Hamburg. Schleswig-Holsteins Ministerpräsident über die Bekämpfung der Epidemie, frühe Maßnahmen und Menschen, die überreagieren.

Wie ist es, wenn man als Regierungschef vor allem auf den Rat von Virologen hören muss? Was macht es mit einer Gesellschaft, wenn man sie zum eigenen Schutz einsperren muss? Und wann müssen die Maßnahmen im Kampf gegen Corona gelockert werden, damit es nicht zu sozialen Verwerfungen kommt, die sich zuletzt in Anfeindungen zwischen Hamburgern und Schleswig-Holsteinern zumindest angedeutet haben? Ein Gespräch mit Schleswig-Holsteins Ministerpräsident Daniel Günther.

Eigentlich wären wir genau heute zu einem Abendessen in Eckernförde verabredet gewesen. Solche Termine kommen mir im Moment vor wie aus einem anderen Leben, wie geht es Ihnen?

Daniel Günther: Im Moment geht das, glaube ich, allen Menschen so. Man fühlt sich wie in einem anderen Leben und will möglichst schnell sein altes Leben zurück – auch und gerade mit all den Dingen, über die man sich früher aufgeregt hat.

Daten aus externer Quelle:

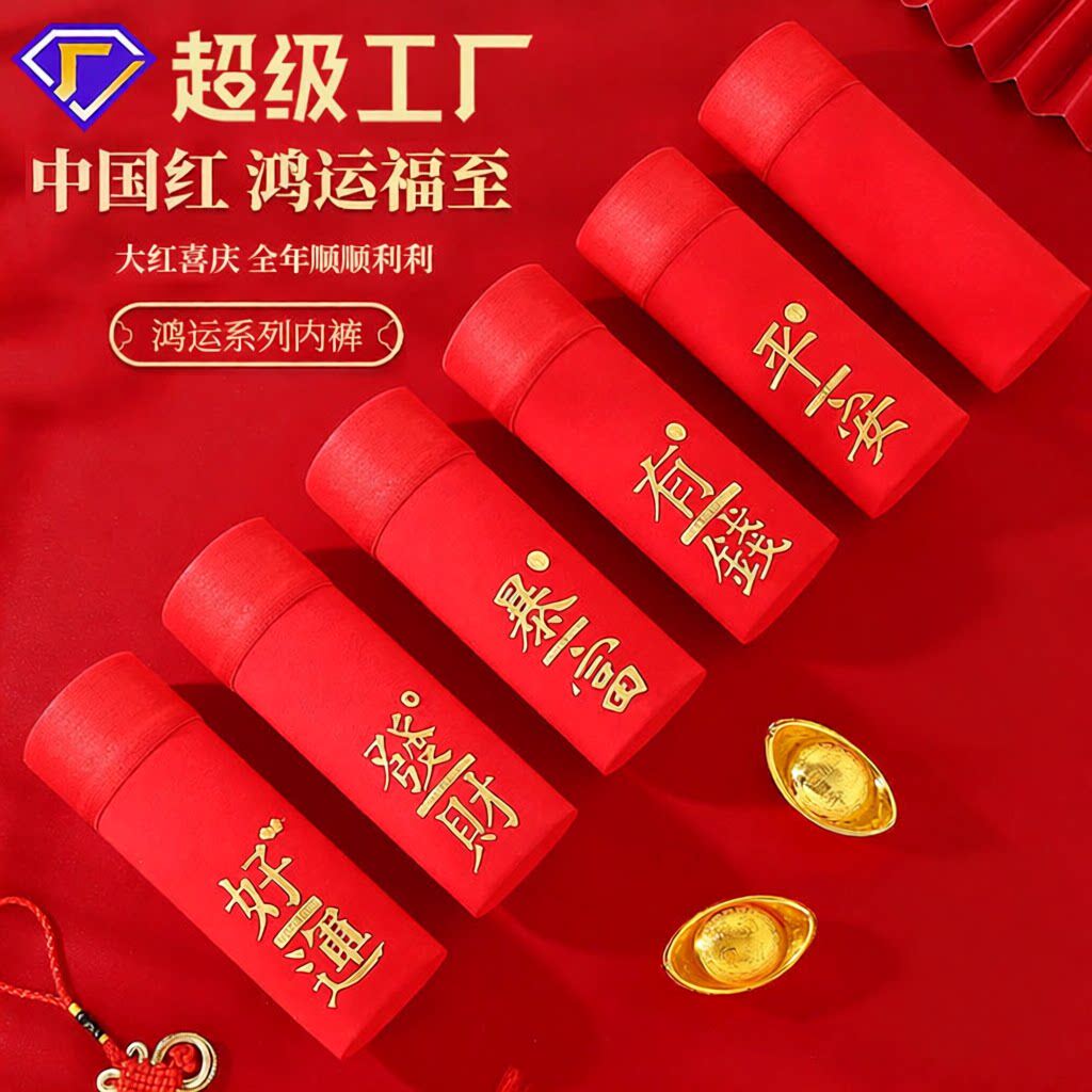 本命年属龙大红色男士内裤男纯棉透气平角短裤龙年礼物四角裤礼盒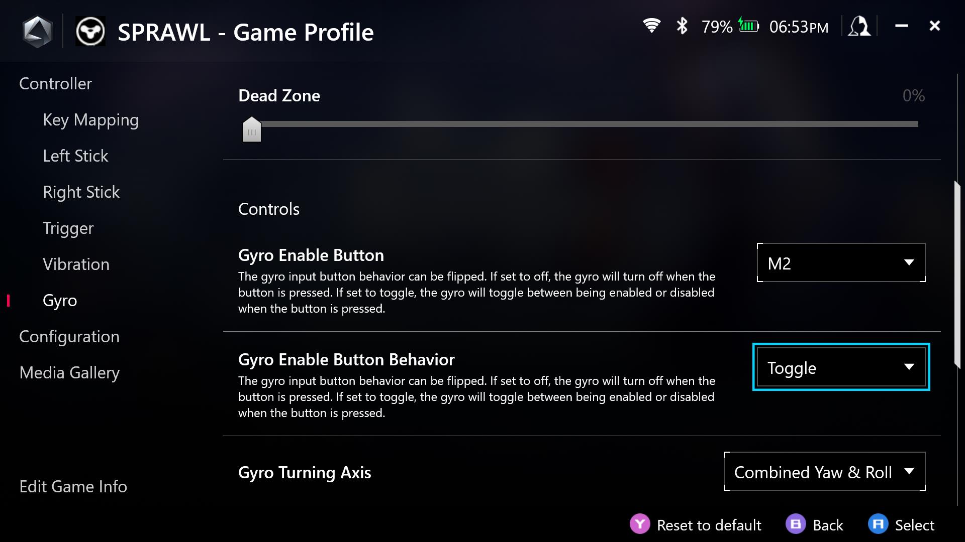 - The Gyro Enable button let’s you decide if you want it on at all times or if you want to set it to be enabled by pressing any button on the ROG Ally. The Gyro enable button behavior let’s you toggle whether you want that button to enable, disable or toggle Gyro in a game.

Was fehlt Ihnen am meisten?

Mir fehlt selbst nach dieser relativ kurzen Zeit, in der die Maßnahmen greifen, die Möglichkeit, mit Menschen persönlich zu reden. Wir machen im Moment lauter Telefonkonferenzen. Als Ministerpräsident gehört es zu meinen Lieblingsaufgaben, unter Menschen zu sein und ihnen ins Gesicht zu schauen. Das ist meine Art, Politik zu machen, und das ist jetzt quasi unmöglich. Das ist eine erhebliche Einschränkung, an die ich mich nicht gewöhnen mag.

Wann wussten Sie, dass Corona in Schleswig-Holstein und Deutschland ein großes Thema werden würde?

Ich will mich nicht freimachen davon, dass auch ich noch vor sechs Wochen gedacht habe, dass das alles für uns schon nicht so dramatisch wird. In den vergangenen drei, vier Wochen habe ich dann gemerkt, dass wir sehr schnell Maßnahmen treffen müssen, um nicht in eine ähnlich dramatische Lage zu kommen, in der andere europäische Länder schon sind. Uns hilft in ganz Deutschland neben unserem sehr guten Gesundheitssystem, in dem die Menschen im Moment Großartiges leisten, dass wir uns sehr früh auf diese Krise vorbereitet haben. Wir treffen jetzt Maßnahmen, die andere Länder erst treffen konnten, als ihre Gesundheitssysteme schon an Grenzen gekommen waren. Diesen Vorsprung müssen wir behalten.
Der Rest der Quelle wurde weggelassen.